Assuming for the moment that NICE does not require PEM as we understand PEM... If researchers were running a big data study for multiple sclerosis, would they use a catch-all diagnosis of medically unexplained chronic fatigue to boost the recruitment numbers, knowing that some of those patients would not have MS? I'd assume they'd take their best stab at defining an MS cohort, knowing up front that that would dictate how many patients they get and that if they were to add additional groups, they'd carefully decide what groups to add and treat them as comparator groups, not part of the MS group.
So why not start with a research definition that requires the hallmark symptoms of ME? If one of the goals is to compare the underlying biology of ME patients to fatigued patients who do not have ME, what about including some patients with
medically explained fatigue, like MS?
I get the point that Dr. Shepherd made about proving once and for all that the NICE criteria contain unrelated groups that need to be separated. That's a really important political problem in the U.K. It may be necessary, but this seems like an expensive and time-consuming way to solve that problem especially given all the reports and science that have come out in the last 2-3 years. I imagine the value delivered by the study will hinge on how well it selects and characterizes ME patients and how many and how broad a cross section of ME patients it is able to recruit.
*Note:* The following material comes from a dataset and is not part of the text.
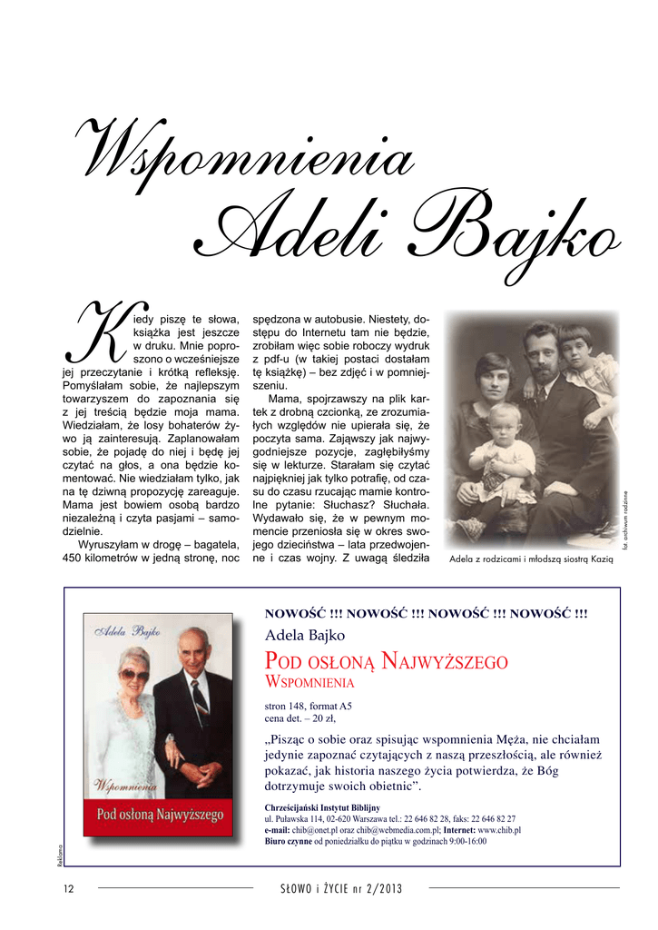 Wspomnienia iedy piszę te słowa, książka jest jeszcze w druku. Mnie poproszono o wcześniejsze jej przeczytanie i krótką refleksję. Pomyślałam sobie, że najlepszym towarzyszem do zapoznania się z jej treścią będzie moja mama. Wiedziałam, że losy bohaterów żywo ją zainteresują. Zaplanowałam sobie, że pojadę do niej i będę jej czytać na głos, a ona będzie ko mentować. Nie wiedziałam tylko, jak na tę dziwną propozycję zareaguje. Mama jest bowiem osobą bardzo niezależną i czyta pasjami – samodzielnie. Wyruszyłam w drogę – bagatela, 450 kilometrów w jedną stronę, noc spędzona w autobusie. Niestety, dostępu do Internetu tam nie będzie, zrobiłam więc sobie roboczy wydruk z pdf-u (w takiej postaci dostałam tę książkę) – bez zdjęć i w pomniej szeniu. Mama, spojrzawszy na plik kartek z drobną czcionką, ze zrozumiałych względów nie upierała się, że poczyta sama. Zająwszy jak najwygodniejsze pozycje, zagłębiłyśmy się w lekturze. Starałam się czytać najpiękniej jak tylko potrafię, od czasu do czasu rzucając mamie kontrolne pytanie: Słuchasz? Słuchała. Wydawało się, że w pewnym momencie przeniosła się w okres swojego dzieciństwa – lata przedwojenne i czas wojny. Z uwagą śledziła fot. archiwum rodzinne K Adeli Bajko Adela z rodzicami i młodszą siostrą Kazią NOWOŚĆ !!! NOWOŚĆ !!! NOWOŚĆ !!! NOWOŚĆ !!! Adela Bajko Pod osłoną najwyższego wsPomnienia stron 148, format A5 cena det. – 20 zł, Reklama „Pisząc o sobie oraz spisując wspomnienia Męża, nie chciałam jedynie zapoznać czytających z naszą przeszłością, ale również pokazać, jak historia naszego życia potwierdza, że Bóg dotrzymuje swoich obietnic”. 12 Chrześcijański Instytut Biblijny ul. Puławska 114, 02-620 Warszawa tel.: 22 646 82 28, faks: 22 646 82 27 e-mail: [email protected] oraz [email protected]; Internet: www.chib.pl Biuro czynne od poniedziałku do piątku w godzinach 9:00-16:00 SŁOWO i ŻYC IE n r 2/2013 fot. archiwum rodzinne losy głównej bohaterki i autorki – Adeli Bajko. Apostoł Paweł pisał do wierzących w Koryncie: „Bo choćbyście mieli Szczególnie ożywiła się, kiedy dziesięć tysięcy nauczycieli, to jednak ojców macie niewielu” (1 Kor 4:15). we wspomnieniach Adeli pojawił się Dla wielu pracowników Kościoła w Polsce Brat Paweł był, jest i pozostanie jej przyszły mąż Paweł. Stąd „opodobrym nauczycielem i niezmordowanym w pracy misjonarzem, ale przede wiadania Pawła” wywołały w mamie wszystkim troskliwym ojcem. A nie mógłby takim być, gdyby nie dzielna najwięcej emocji i wzruszeń. Przy żona Adela u Jego boku. O takich Biblia mówi: „rozpamiętując koniec ich woływały ich splatane życiowe drożycia, naśladujcie wiarę ich” (Hbr 13:7). gi. Mówiąc o swoich losach, opowiaTa publikacja z pewnością nam w tym pomoże. Jestem pewien, iż do lektudał o jej rodzinnych stronach. O Po ry tych wspomnień nie trzeba nikogo specjalnie zachęcać, bowiem to świa lesiu i początkach Kościoła Chrystu dectwo wiary będzie dla współczesnych i potomnych ogromną inspiracją. sowego w Polsce. Paweł Bajko jest To przykład życia godny naśladowania, dla mnie – wzór niedościgniony. zaledwie pięć lat starszy od mojej Prezbiter Piotr Karel mamy. Pamięta go jako aktywnego, Kościół Chrystusowy w Kołobrzegu oddanego Bogu młodego człowieka. Znajome są dla niej wszystkie miejsca, które wymienia, wydarzenia, jakie wspomina, nazwiska, których szego”. Bo to On pozwolił im rozwi- dle, chciałam zrezygnować z odczynie sposób było w tej biograficznej nąć wspaniałą służbę – Polską tywania niektórych z nich. Spoj opowieści pominąć. W jej oczach Chrześcijańską Misję. Z książki po- rzałam na mamę. – Tak, znam wierszkliły się łzy. znajemy szerokie spectrum działań sze Adeli Bajko – powiedziała. – Zatrzymałam się na chwilę, aby tej misji, a tak naprawdę – tych Czytałam je. Recytowałam. Są posłuchać jej wspomnień o nabo- dwojga niezwykle aktywnych i odda- piękne. No, czytaj... żeństwach, które odbywały się rów- nych Bożej sprawie ludzi. Warto Nie mogłam, niestety, pokazać nież w jej rodzinnym domu, o słyn- o tym przeczytać. Sama czytałam mamie fotografii, a jest ich tu kilkanej orkiestrze dętej z Targoszyc, zadziwiona, a moja słuchaczka też dziesiąt, zwłaszcza w ostatnim dziao chrzcie, który przyjęła z rąk z uznaniem kiwała głową. le „Kartki z albumu”. Już widzę, jak Grzegorza Bajko. O zsyłbędzie się nimi delektoce na roboty do Niemiec… wać, oglądając po wieloWróciłyśmy do lektury. kroć. Kolejny etap życia naZe „Wspomnieniami” szych bohaterów to koniec Adeli Bajko spędziłam wojny i pobyt w Niemczech, dwa popołudnia. Podwój połączony z oczekiwanie cenne. Z powodu saniem na emigrację do mej ich treści, przed Ameryki. W obozie dla stawionej przez autorkę uchodźców śledzimy rozw sposób niezwykle ciewój pięknej, czystej i ropły, plastyczny, poruszająmantycznej miłości Adeli cy. Oraz z powodu czasu i Pawła. Ale nie głównie na spędzonego z mamą, roztym upływał ich tam pobyt. mów z nią i jej wspomnień. Jak pisze autorka: Ludzie Polecam tę niezwykle wierzący potrafią wykorzywartościową pozycję, któstywać czas. Przebywa ra pokazuje, że życie jący w obozie kaznodzieje z Bogiem i służba dla Adela z narzeczonym – Pawłem Bajko, 1951 r. zorganizowali Seminarium Niego, mimo bolesnych Biblijne. Odbywały się wspaniałe Nic więc dziwnego, że swoją i trudnych momentów, jest wspanianabożeństwa, powstał chór, rozwi opowieść Adela Bajko kończy sło- łą przygodą, jest życiem obfitym, jała się praca wśród dzieci i mło wami: Gdy patrzę wstecz na nasze spełnionym, przeżytym z pasją. dzieży. życie, dziękuję Bogu z całego serca Takie życie jest warte przeżycia. Te lata ukształtowały i przygoto- za ogrom Jego błogosław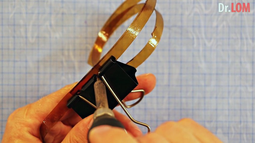 Распустив ПЭТ бутылку бутылкорезом можно получить длинную ленту. Но и ее длины бывает нахватает. В таком случае можно соединить несколько коротких кусков применив паяльник.

IACFS/ME Conference session
Common Data Elements (CDEs) for Standardized Testing and Clinical Studies
Chair: Vicky Whittemore, Ph.D.
Program Director, Channels, Synapses and Circuits
National Institute of Neurological Disorders and Stroke
The National Institute of Neurological Disorders and Stroke (NINDS), National Institutes of Health and the Center for Disease Control and Prevention (CDC) will partner to develop common data elements (CDEs) for standardized testing and common data elements to be recorded in clinical studies/trials of individuals with myalgic encephalomyelitis/chronic fatigue syndrome (ME/CFS). The development of CDEs for ME/CFS will facilitate the comparison of results across studies and help to standardize analysis. The session will be led by NINDS and CDC Program Staff to discuss the timeline and process for developing the CDEs and to obtain feedback and input from ME/CFS stakeholders.